Using Macros in Vim

#vim#100DaysToOffload#guide#tech

For a long time, macros in Vim were a huge mystery for me. I knew they existed, but I didn't know how or why you'd use them. A recent task of mine involved replacing the unsafe operator (!!) in a large kotlin codebase with a null-safe operator (?). This game me a good opportunity to learn about macros. This is a snippet I encountered numerous times:

mLeftButton!!.text = "Left"
mLeftButton!!.setOnClickListener(leftListener)
mLeftButton!!.visibility = View.VISIBLE
mRightButton!!.text = "Right"
mRightButton!!.setOnClickListener(rightListener)
mRightButton!!.visibility = View.VISIBLE

You could go ahead and change each line individually, or use the IDEs built in "multi-cursor" tool to save you some work. But, let me show you how I automated this using a Vim-Plugin for Android Studio. Not that the plugin matter, it will work in every Vim-like editor.

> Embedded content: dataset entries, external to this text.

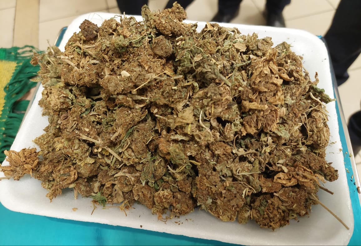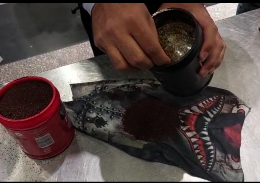 ثانيا: تم ضبط كمية من عشب الماريجوانا تزن ٢٢٠ جرام في برطمان أسفل البن وكذلك ١١ قطعة بها زيت الماريجوانا تستخدم في السجائر الإلكترونية ثالثا: تم ضبط ٣٤ تليفون محمول خبأهم الراكب بين طيات الملابس بحقائبه.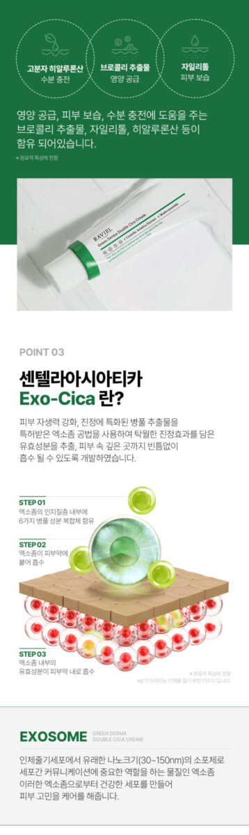 - Centella Asiatica Exosome: Strengthens the skin barrier, protects the skin, and provides a soothing effect.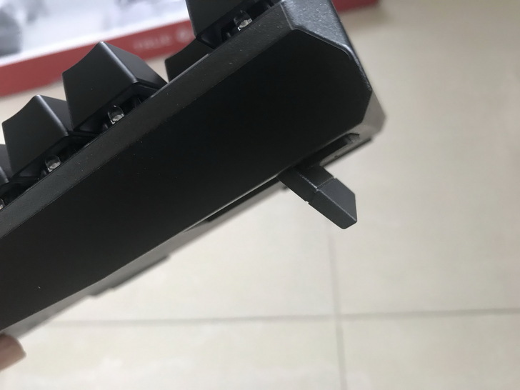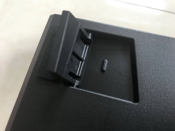 不同於部分鍵盤的溝槽走線設計,GK60是採取大面積凹槽,以壓在鍵盤底下做為整線的理念,小弟還滿喜歡這樣的概念,因為可以壓不少線材,像是耳機、手機充電線等,不用侷限於凹溝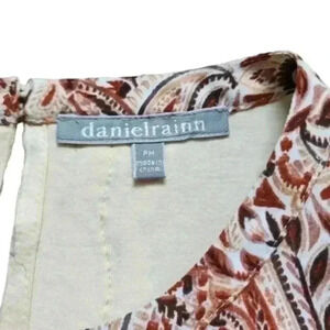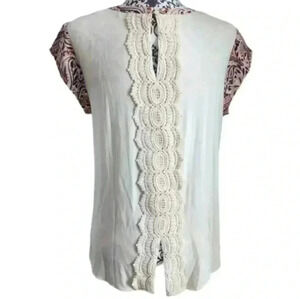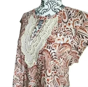 DANIEL Rainn Top Crochet Paisley Boho Peasant Print Cream Orange Brown Women's M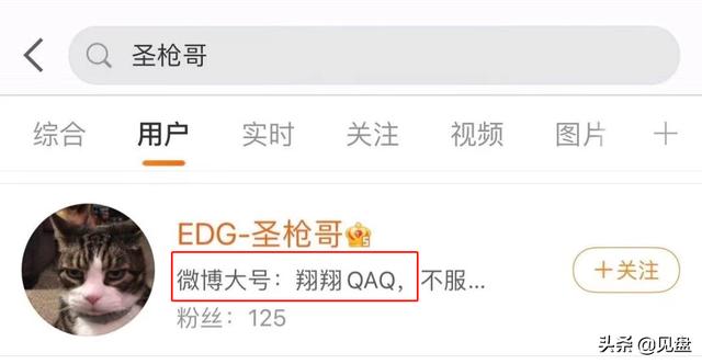 也有部分粉丝在找圣枪哥微博的时候,直接搜出来EDG-圣枪哥这样一个ID。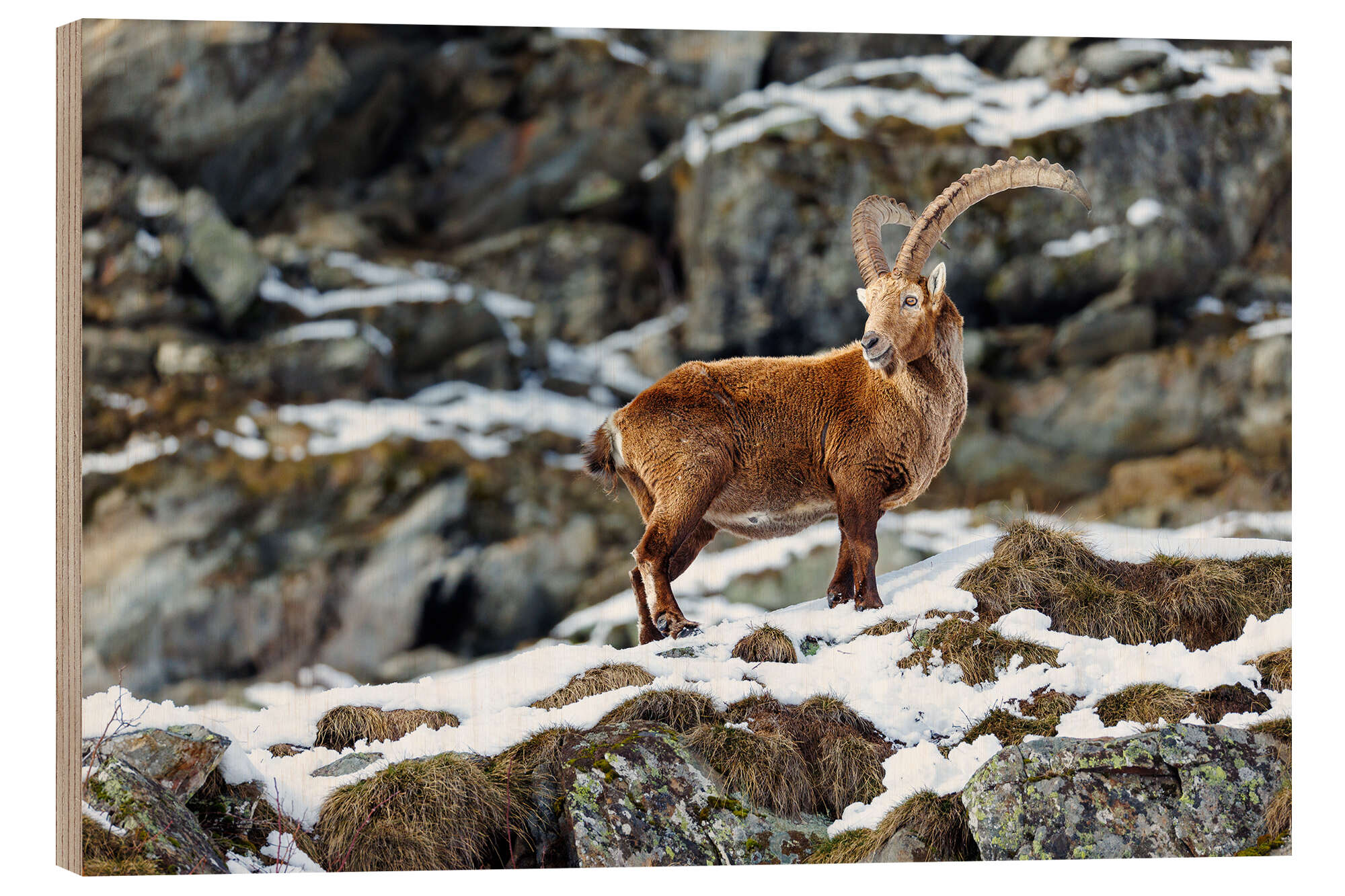 Posterlounge   Wandbilder   Fotografie   Marcel Gross   Holzbild Majestätischer Steinbock im Winter

A macro in Vim works like this:

  1. Record any sequence of keystrokes and assign them to a key
  2. Execute that sequence as often as you wish

So let's see how we'd do that.

Recording a macro

To record a macro in Vim, you press q (In normal mode) followed by a key you want to assign the macro to. So, if you wanted to record a macro and save it to the q key, you'd press qq. Vim will notify you that a macro is being recorded. Now, you can press the keystrokes that define your actions. When you're done, press q in normal mode again to quit your macro.

Coming back to my task, I would want to do the following:

  1. qq Record a macro and save it to the q key
  2. _ - Jump to the beginning of the line
  3. f! - Find next occurrence of !
  4. cw - Change word (Delete word and enter insert mode)
  5. ?. - Insert the new characters
  6. <esc> - Enter normal mode
  7. j - go down a line
  8. q - Finish macro

If everything went right, this line:

mLeftButton!!.text = "Left"

Should now look like this:

mLeftButton?.text = "Left"

and your macro should be saved under the q key.

Using the macro

In order to use a macro in vim, you press the @ key, followed by the key the macro is saved under. Since our macro is defined as q, we'd press @q, and the macro is executed immediately.

Let's take this further. You might have noticed that I went down a line before closing the macro. This becomes handy when you want to execute it many times. In our case we have 6 lines we want to refactor. 1 line has already been altered, so we have to execute it 5 more times. As per usual with vim, you can execute an action n times by specifying a number before doing the action. Let's press 5@q to execute the macro 5 times. And voila! Our unsafe code is now null-safe.

mLeftButton?.text = "Left"
mLeftButton?.setOnClickListener(leftListener)
mLeftButton?.visibility = View.VISIBLE
mRightButton?.text = "Right"
mRightButton?.setOnClickListener(rightListener)
mRightButton?.visibility = View.VISIBLE

Macros are really satisfying to watch, if you ask me!

This is post 007 of #100DaysToOffload.